• [Exercise brief]: Could you retype, exactly and with no pictures, only the lines from the first line of the records below through the line that contains "Herren INSprings T-Shirt"?
+++ Provided records
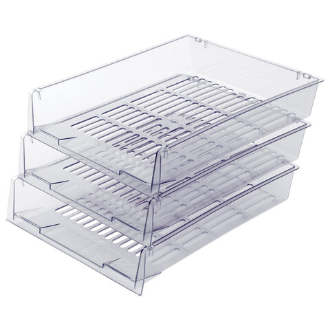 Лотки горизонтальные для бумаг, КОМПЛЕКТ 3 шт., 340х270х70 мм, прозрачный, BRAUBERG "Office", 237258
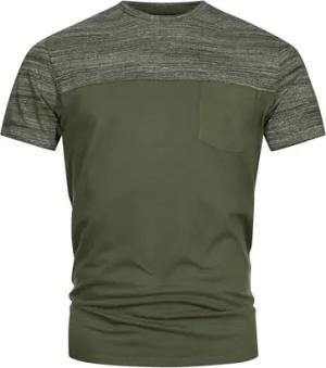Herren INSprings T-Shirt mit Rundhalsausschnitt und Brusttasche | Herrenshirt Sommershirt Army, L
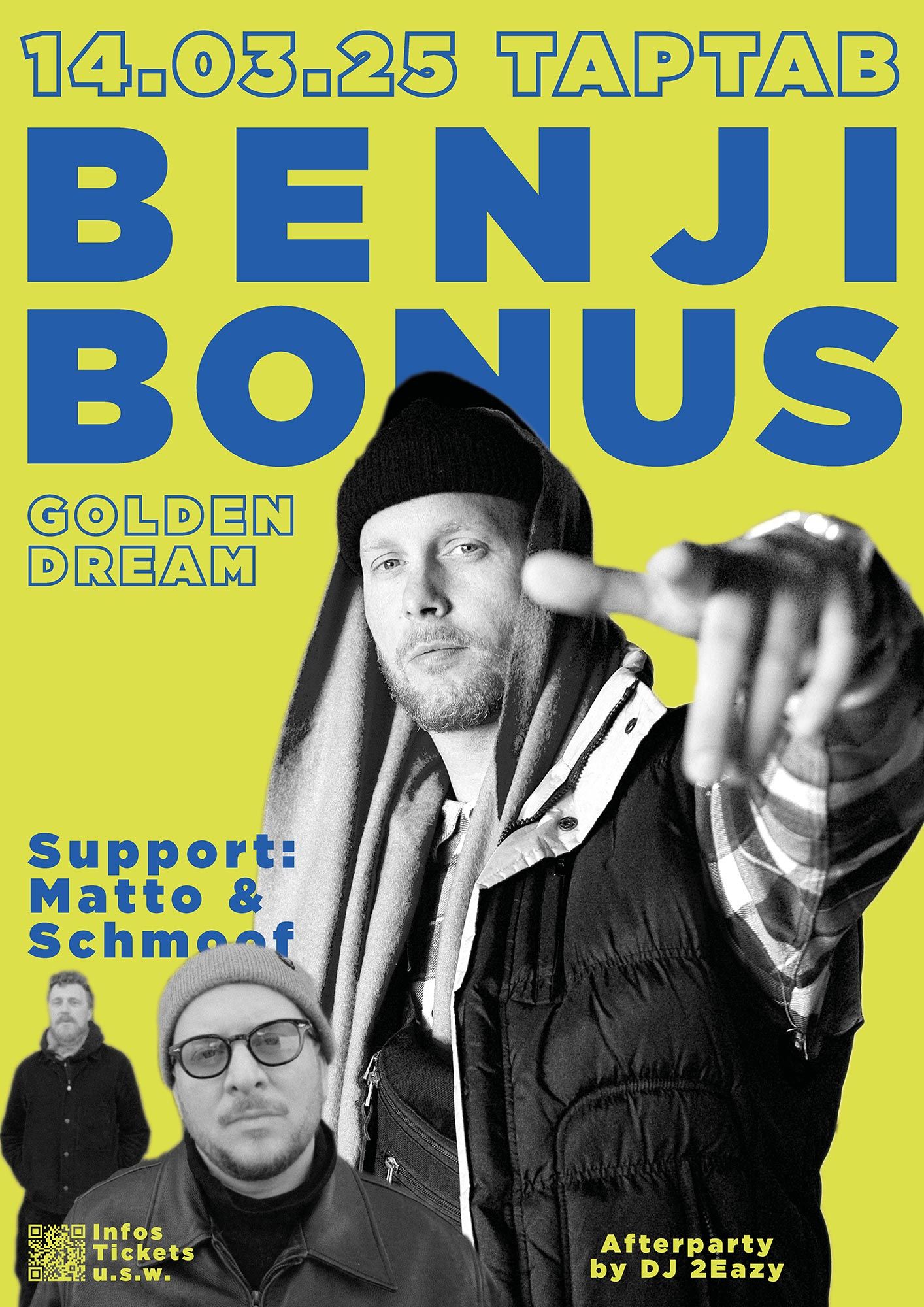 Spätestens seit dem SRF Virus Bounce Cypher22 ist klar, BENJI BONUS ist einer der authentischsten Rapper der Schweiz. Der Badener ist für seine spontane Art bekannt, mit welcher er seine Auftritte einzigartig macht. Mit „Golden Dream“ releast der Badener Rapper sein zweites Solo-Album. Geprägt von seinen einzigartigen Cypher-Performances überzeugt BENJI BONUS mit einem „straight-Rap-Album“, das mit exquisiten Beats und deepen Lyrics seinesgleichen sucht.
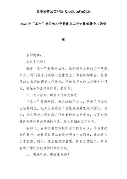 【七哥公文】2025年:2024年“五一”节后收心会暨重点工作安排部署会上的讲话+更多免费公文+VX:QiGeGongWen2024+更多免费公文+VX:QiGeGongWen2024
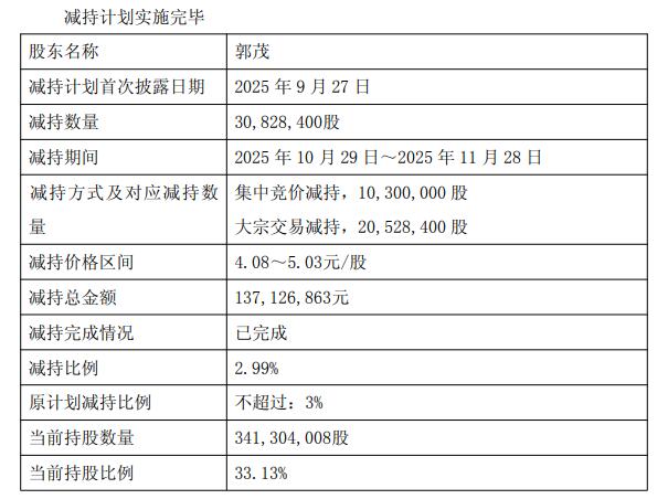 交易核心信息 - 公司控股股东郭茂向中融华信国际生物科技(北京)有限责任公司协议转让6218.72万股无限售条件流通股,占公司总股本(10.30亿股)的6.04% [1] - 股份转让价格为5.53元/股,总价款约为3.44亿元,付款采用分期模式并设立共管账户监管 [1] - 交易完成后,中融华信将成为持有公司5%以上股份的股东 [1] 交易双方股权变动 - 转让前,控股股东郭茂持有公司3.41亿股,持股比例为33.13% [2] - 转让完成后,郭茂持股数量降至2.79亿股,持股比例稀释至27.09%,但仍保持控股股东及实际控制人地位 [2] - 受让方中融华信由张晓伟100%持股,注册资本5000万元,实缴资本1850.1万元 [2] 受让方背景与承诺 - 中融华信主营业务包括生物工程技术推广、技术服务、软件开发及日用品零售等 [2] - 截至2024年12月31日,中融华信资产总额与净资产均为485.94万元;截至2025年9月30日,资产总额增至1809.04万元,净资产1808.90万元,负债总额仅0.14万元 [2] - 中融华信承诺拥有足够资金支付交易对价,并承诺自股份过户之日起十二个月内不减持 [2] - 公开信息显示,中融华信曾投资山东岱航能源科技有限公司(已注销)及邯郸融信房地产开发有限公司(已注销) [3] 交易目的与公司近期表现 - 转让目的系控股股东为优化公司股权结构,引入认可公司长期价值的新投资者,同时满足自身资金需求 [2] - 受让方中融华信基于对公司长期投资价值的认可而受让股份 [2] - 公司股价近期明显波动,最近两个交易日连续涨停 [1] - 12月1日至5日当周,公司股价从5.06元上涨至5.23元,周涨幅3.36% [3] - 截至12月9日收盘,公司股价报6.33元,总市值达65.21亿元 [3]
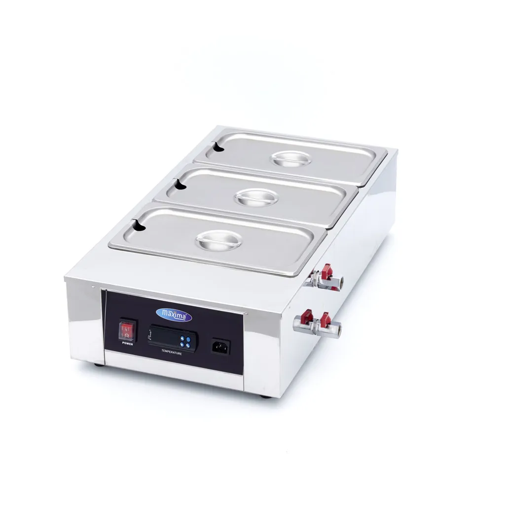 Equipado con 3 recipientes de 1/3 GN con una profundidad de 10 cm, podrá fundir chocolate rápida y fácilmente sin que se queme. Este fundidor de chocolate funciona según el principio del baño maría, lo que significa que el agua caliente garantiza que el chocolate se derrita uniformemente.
++++++
• [Answer to the problem]:
 Лотки горизонтальные для бумаг, КОМПЛЕКТ 3 шт., 340х270х70 мм, прозрачный, BRAUBERG "Office", 237258
Herren INSprings T-Shirt mit Rundhalsausschnitt und Brusttasche | Herrenshirt Sommershirt Army, L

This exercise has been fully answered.